Бессменен поток времен.
Чую лишь ветер грядущего,
Нового мига звон.
С паденьем идет, с победою?
Оливу несет иль меч?
Лика его я не ведаю,
Знаю лишь ветер встреч.
Летят не здешними птицами
В кольцо бытия, вперед,
Миги с закрытыми лицами…
Как удержу их лет?
И в тесности, в перекрестности, –
Хочу, не хочу ли я, –
Черную топь неизвестности
Режет моя ладья.
…Славны будут великие дела…
Ф. Сологуб
Поэты, не пишите слишком рано,
Победа еще в руке Господней.
Сегодня еще дымятся раны,
Никакие слова не нужны сегодня.
В часы неоправданного страданья
И нерешенной битвы
Нужно целомудрие молчанья
И, может быть, тихие молитвы.
Август 1914
Твои народы вопиют: доколь?
Твои народы с севера и юга.
Иль ты еще не утолен? Позволь
Сынам земли не убивать друг друга!
Не ты ль разбил скрижальные слова,
Готовя землю для иного сева?
И вот опять, опять ты – Иегова,
Кровавый Бог отмщения и гнева!
Ты розлил дым и пламя по морям,
Водою алою одел ты сушу.
Ты губишь плоть… Но, Боже, матерям –
Твое оружие проходит душу!
Ужели не довольно было Той,
Что под крестом тогда стояла, рано?
Нет, не для нас, но для Нее, Одной,
Железо вынь из материнской раны!
О, прикоснись к дымнобагровой мгле
Не древнею грозою, а – Любовью.
Отец, Отец!

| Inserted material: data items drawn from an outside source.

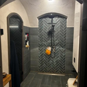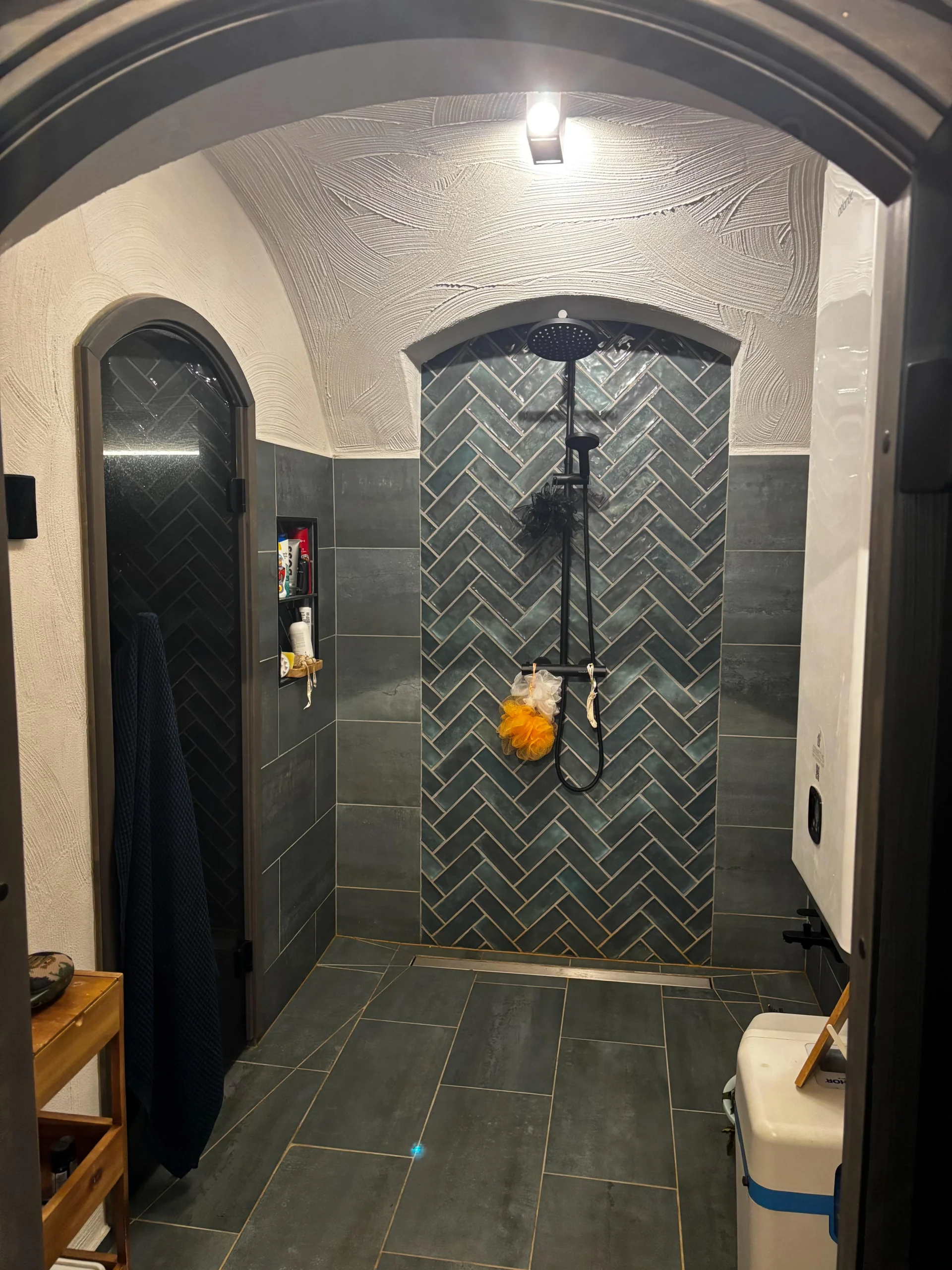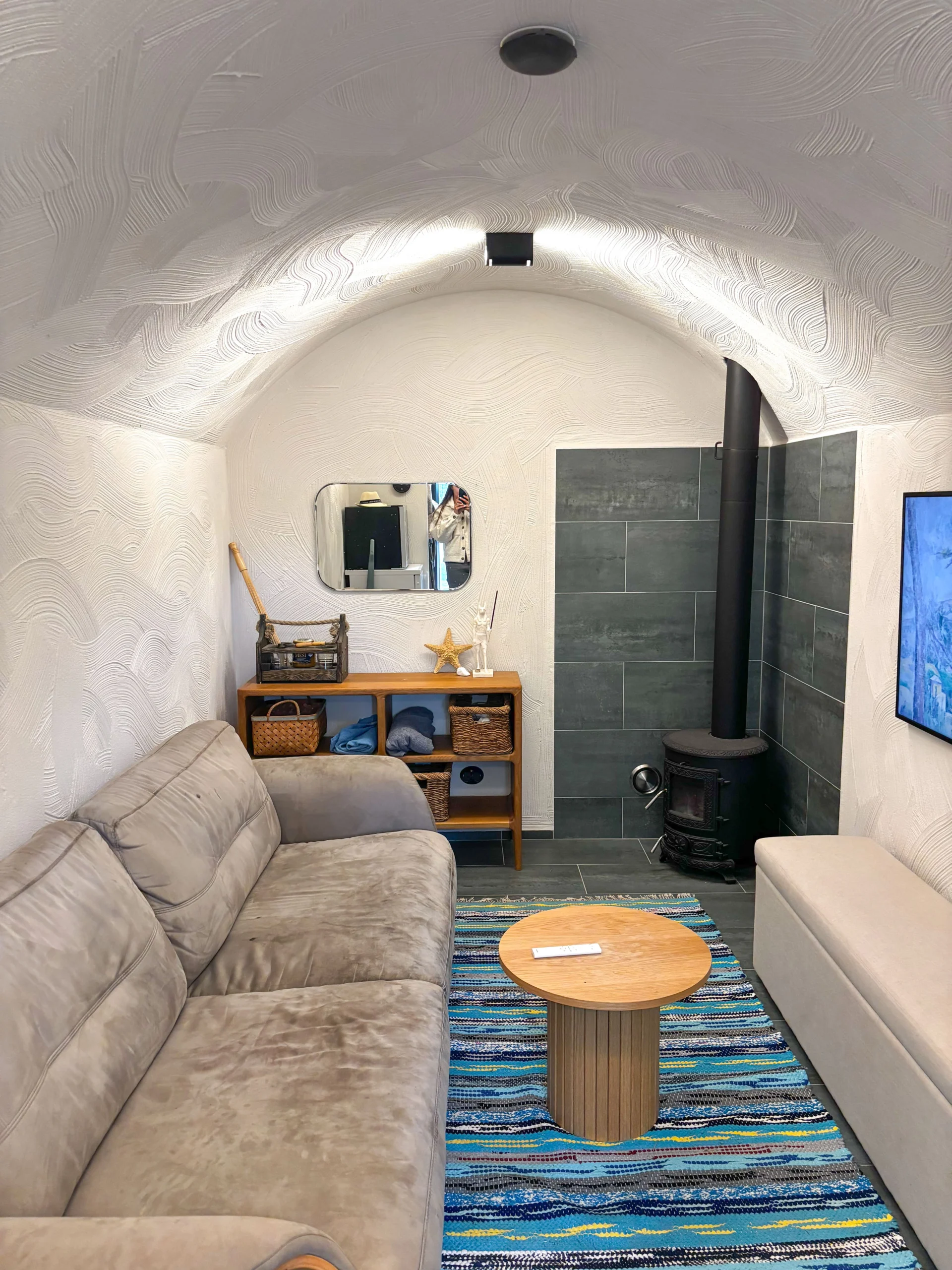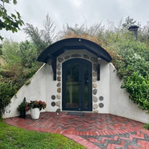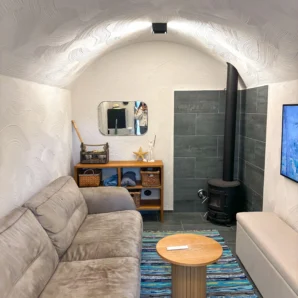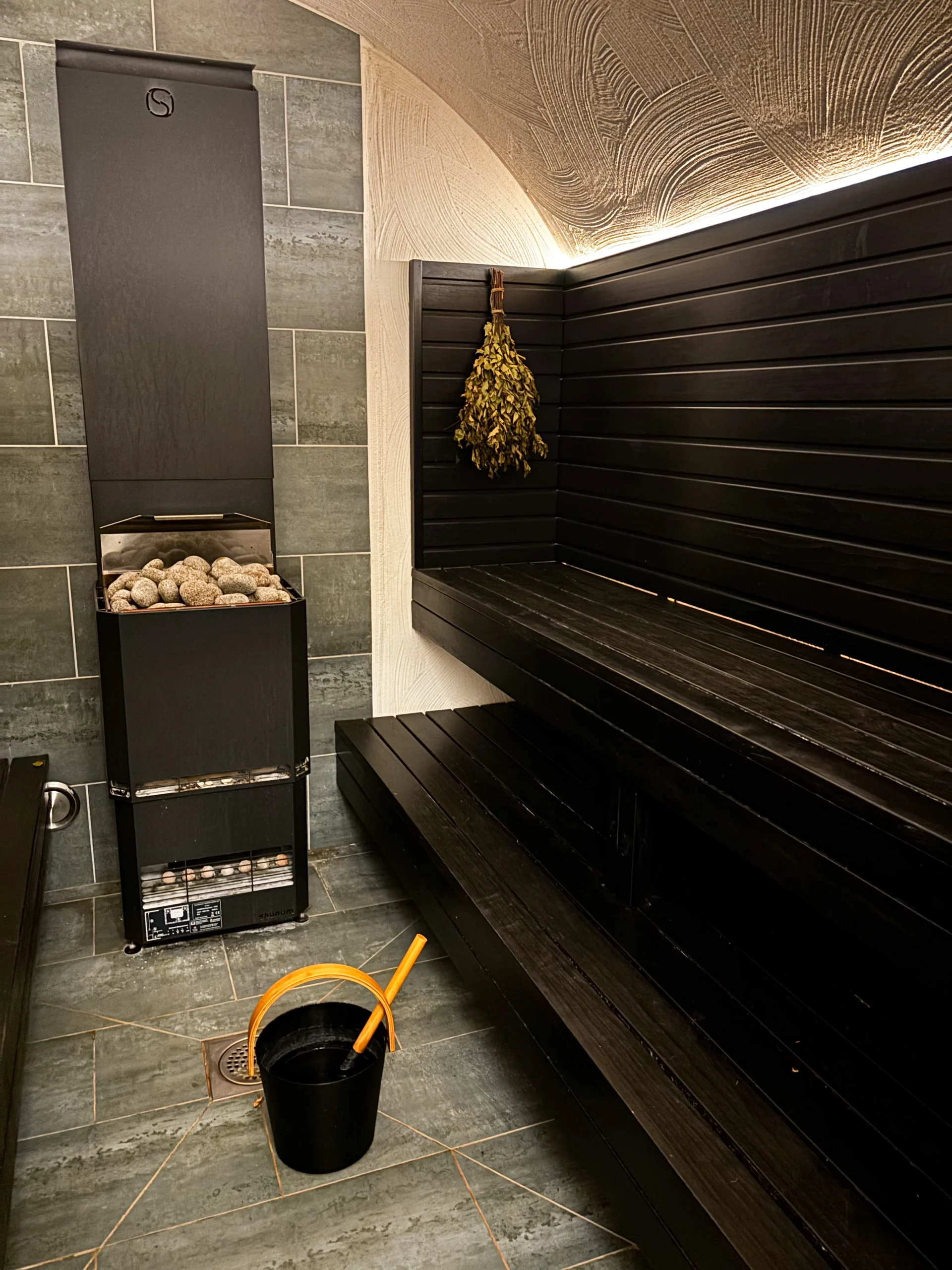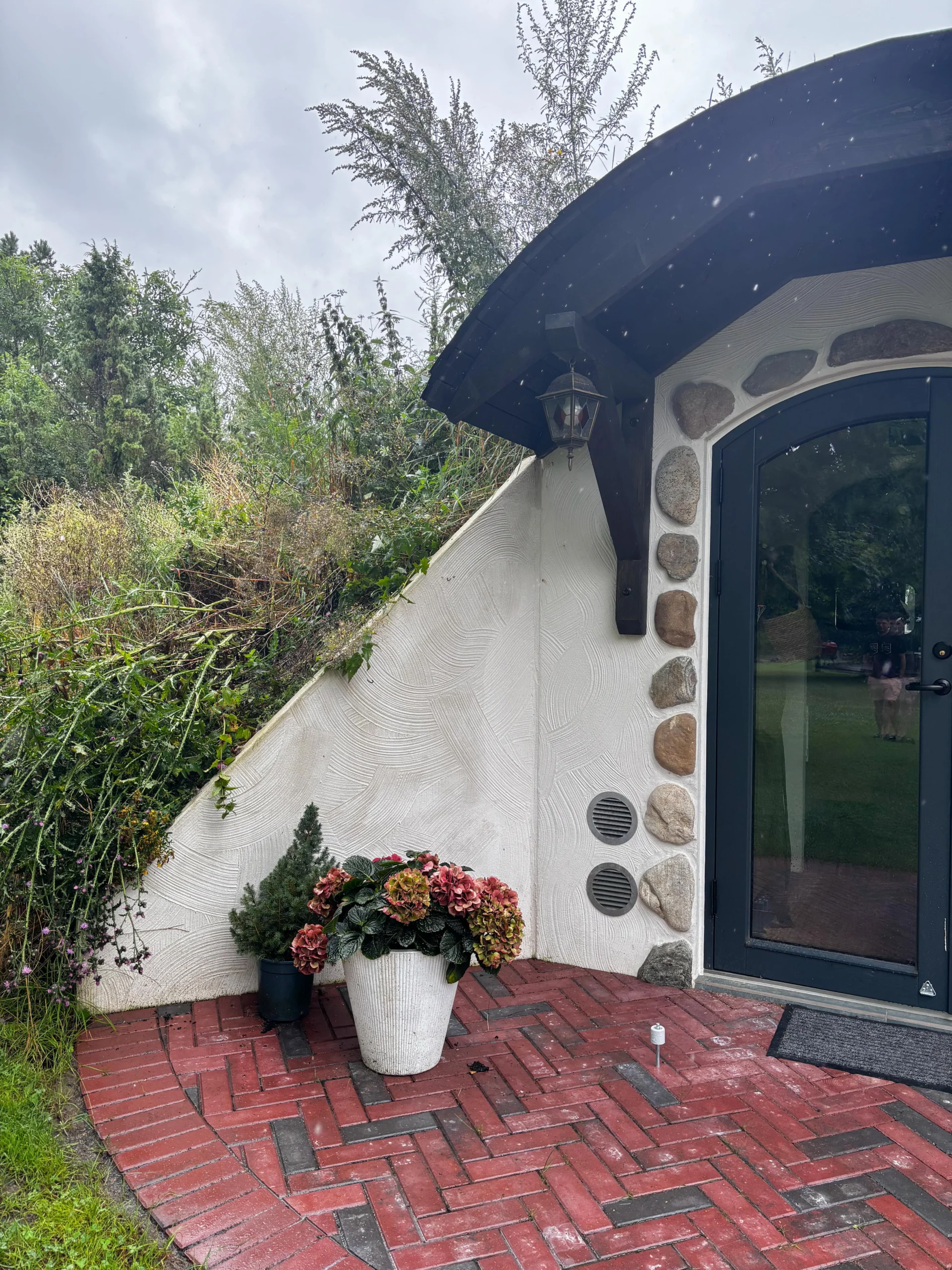I denne badstuen, bygget inn i en skråning, møtes naturlige materialer og moderne stil. Den steinrammede inngangen leder inn til en dampbadstue kledd i mørkt tre, som sammen med mykt lys skaper en beroligende kontrast til grøntområdet utenfor. Et fredelig tilfluktssted formet av jord og komfort.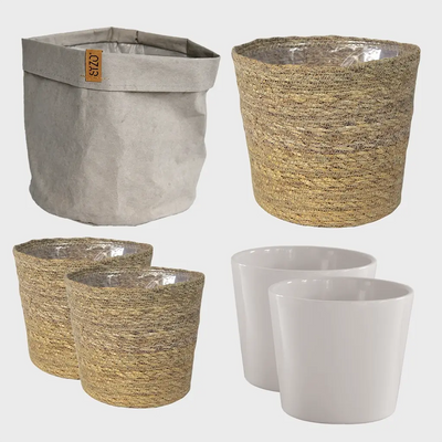 Dieses trendige Übertopf-Set passt perfekt zur 6er Pflanzenbox. Die Töpfe sind eine Mischung aus Keramik, Seegrasgeflecht und trendigen Pflanzsäcken mit Innenfolie. Einfach mit bestellen und deine neuen Pflanzen kinderleicht in deiner Wohnung dekorieren. Erhältlich in verschiedenen Farben.
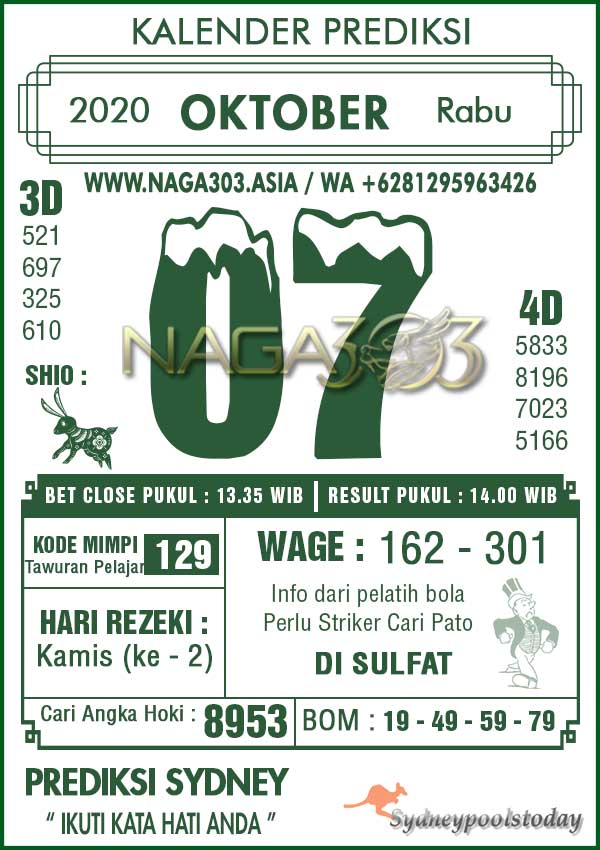 Prediksi Sydney Pools Rabu 07 Oktober 2020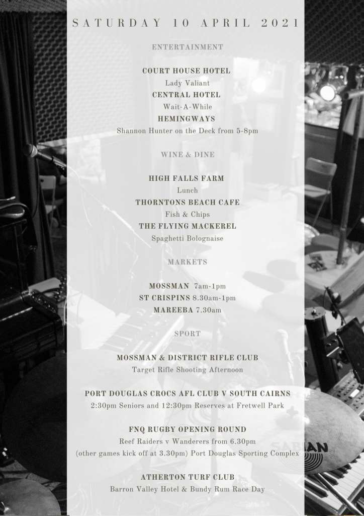 IF you are not taking advantage of the fabulous weather conditions this weekend by heading out to the reef or camping, there are plenty of choices for live music, fabulous eats, markets and opening football games throughout the Shire and beyond!

Склонись к Твоей земле:
Она пропитана Сыновней кровью.
1914
Слова – как пена,
Невозвратимы и ничтожны.
Слова – измена,
Когда молитвы невозможны.
Пусть длится дленье.
Не я безмолвие нарушу.
Но исцеленье
Сойдет ли в замкнутую душу?
Я знаю, надо
Сейчас молчанью покориться.
Но в том отрада,
Что дление не вечно длится.
1914
Кто посягнул на детище Петрово?
Кто совершенное деянье рук
Смел оскорбить, отняв хотя бы слово,
Смел изменить хотя б единый звук?
Не мы, не мы… Растерянная челядь,
Что, властвуя, сама боится нас!
Все мечутся, да чьи-то ризы делят,
И все дрожат за свой последний час.
Изменникам измены не позорны.
Придет отмщению своя пора…
Но стыдно тем, кто, весело-покорны,
С предателями предали Петра.
Чему бездарное в вас сердце радо?
Славянщине убогой? Иль тому,
Что к «Петрограду» рифм гулящих стадо
Крикливо льнет, как будто к своему?
Но близок день – и возгремят перуны…
На помощь, Медный Вождь, скорей, скорей!
Восстанет он, все тот же бледный, юный,
Все тот же – в ризе девственных ночей,
Во влажном визге ветренных раздолий
И в белоперистости вешних пург, –
Созданье революционной воли –
Прекрасно-страшный Петербург!
14 декабря 1914
Медный грохот, дымный порох,
Рыжелипкие струи,
Тел ползущих влажный шорох…
Где чужие? Где свои?
Нет напрасных ожиданий,
Не достигнутых побед,
Но и сбывшихся мечтаний,
Одолений – тоже нет.
Все едины, всё едино,
Мы ль, они ли… смерть – одна.
И работает машина,
И жует, жует война…
1914
Рождество, праздник детский, белый,
Когда счастливы самые несчастные…
Господи! Наша ли душа хотела,
Чтобы запылали зори красные?
Ты взыщешь, Господи, но с нас ли, с нас ли?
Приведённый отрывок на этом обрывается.